More importantly, it was an example of how we were able to mobilize the whole firm and do a lot more than we could do in isolation. Now, let's shift from products to clients and the diversity of our 30,000,000 clients. All around the world, commissions and other barriers to ETFs are coming down. And as this happens, more people are adopting ETFs and especially ours. And let me just give you a couple of examples.
On U. S. RIA platforms back in 2019, commission barriers came down. Since then, our flows have increased by 60% and we've maintained strong ETF market share. In Germany, over 2,000,000 Germans now contribute every month to ETF savings plans, where iShares is the market leader.

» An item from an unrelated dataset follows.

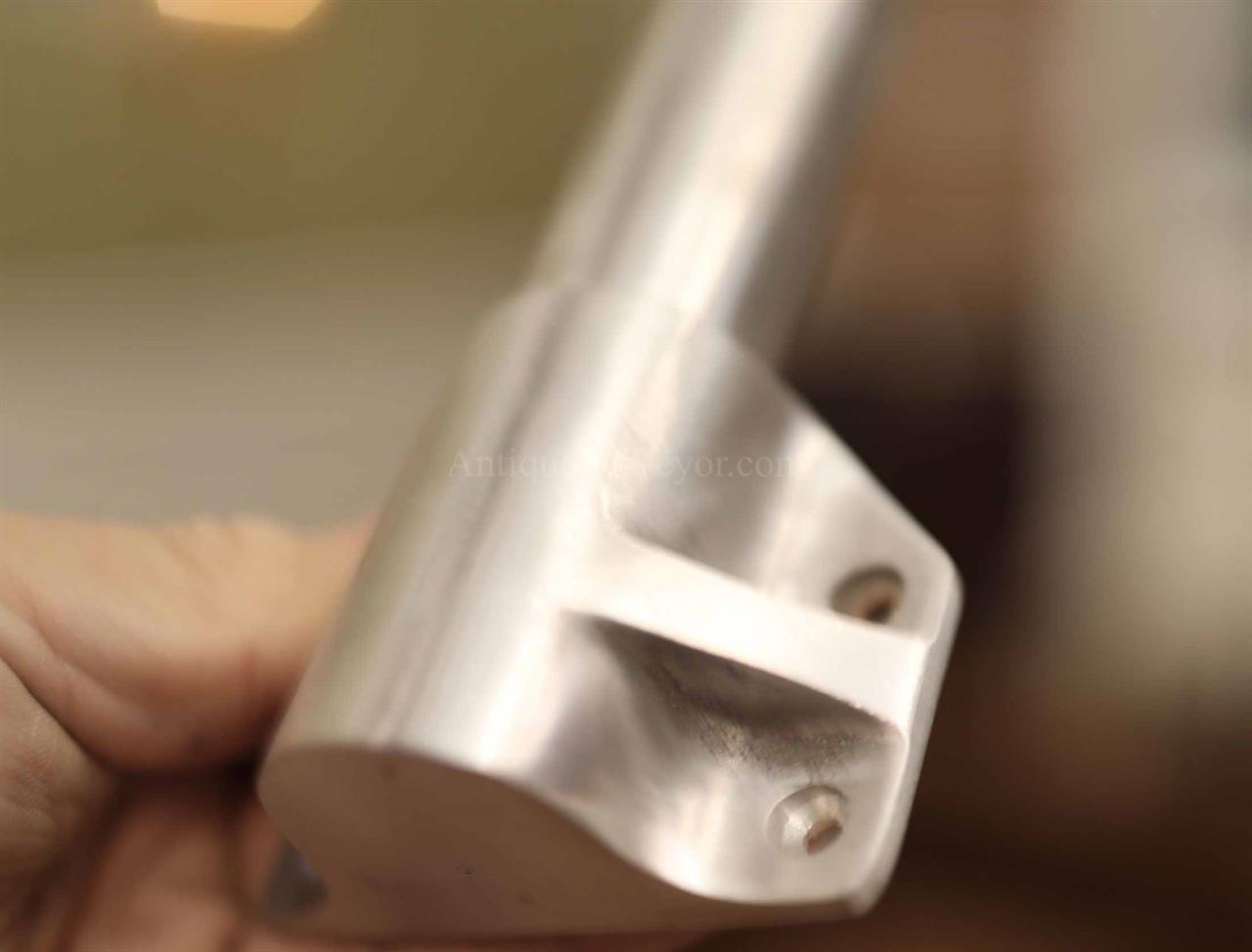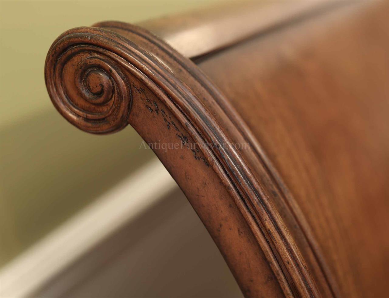 King size windsor sleigh bed. Very heavy and desne, higher-end bed frame fit for a stately home. Grooved siderails allows you to set box spring at different heights. This bed is very heavy, the headboard and the footboard are made from custom 2″ molded plywood. The bed also comes with adjustable center leg for support, which will also accomodate different mattress heights. Fantastic quality no-nonsense bed frame. Queen bed size also available by custom order

That's 3 times more than the number 3 years ago. And so beyond the external barriers to adoption like commission, we've also made certain ETFs more affordable and in doing so we've gained more client adoption and we've increased our overall revenues. Now we've long maintained a disciplined pricing framework focused on high growth categories where clients like long term buy and hold clients are especially sensitive to expense ratios. We invest about 2% of our revenues annually in price changes to drive overall growth. And just to illustrate from our investments over the past 5 years, we've reinvested about $400,000,000 between 2015 2020 and the net run rate revenue impact has been positive $240,000,000 more than recouping the investments that we made over the past 5 years.

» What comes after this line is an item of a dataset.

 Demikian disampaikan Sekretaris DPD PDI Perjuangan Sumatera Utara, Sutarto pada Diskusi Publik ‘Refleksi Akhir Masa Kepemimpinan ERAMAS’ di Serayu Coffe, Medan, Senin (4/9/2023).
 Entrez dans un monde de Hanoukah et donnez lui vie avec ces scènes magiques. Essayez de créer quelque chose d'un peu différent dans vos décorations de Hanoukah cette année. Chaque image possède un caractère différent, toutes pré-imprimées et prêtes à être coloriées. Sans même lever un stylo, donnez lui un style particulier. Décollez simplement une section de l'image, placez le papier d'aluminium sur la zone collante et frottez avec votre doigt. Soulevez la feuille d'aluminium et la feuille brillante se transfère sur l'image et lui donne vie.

Now, the last illustration I wanted to give is what's happening in the convergence between ETFs and the capital markets and especially in the bond market. I'm not going to dwell about the growth we've been achieving in bond ETFs. We have grown that by over 50% in the past 3 years, because we've spoken a lot publicly about our growth ambitions in this arena. But the most important thing is that bond ETFs are becoming a modernizing force in the $100,000,000,000,000 bond market itself. Regulators and policymakers have written about their work as shock absorbers in times of stress like in 2020.
Asset managers and asset owners have embraced them as a more efficient way to access the bond market for liquidity, transparency and lower transaction cost. They become central to growth in electronic trading in the bond market and in portfolio trades. Just to give you one indicator of how far we've come, 80% of the largest active managers now use bond ETFs as part of their investment process. This turns all the dated narratives of active versus index or even the current narrative of active and index on their heads. ETFs are becoming an essential technology for active management itself.
Now, we've talked mostly about ETFs given their importance to revenue growth, but I wanted to end on our ETF and index investing platform as a differentiator. Our platform, which of course runs off Aladdin, enables us to manage significant assets, but also significant complexity. We run over 1,000 benchmarks and we do it with market quality, with precision tracking and with ecosystem integration. To give you an example of why market quality and precision matters, let's look back to last year and one of the most extreme market stress tests that we've ever experienced. On each of the 5 dimensions in which we view quality, usage, tracking, primary efficiency, trading cost and price discovery, our ETFs were resilient and performed well.
Importantly, our clients saw that all index and ETFs aren't equal and quality dimensions really matter for price discovery, for liquidity, for tracking and for multiple other purposes. The important thing about the technology is that it is reliable And in stress conditions, our platform and our 1 BlackRock culture ensured that clients were able to rely on us and we were able to keep our commitments. A final differentiator of our platform is that we are looking beyond our walls and investing in integration to the broader ETF and index ecosystem. I'll give you examples of the activities that we're executing against, 1st, to continue to lead in market quality and second, to enhance our scale efficiencies. 1st, on market quality.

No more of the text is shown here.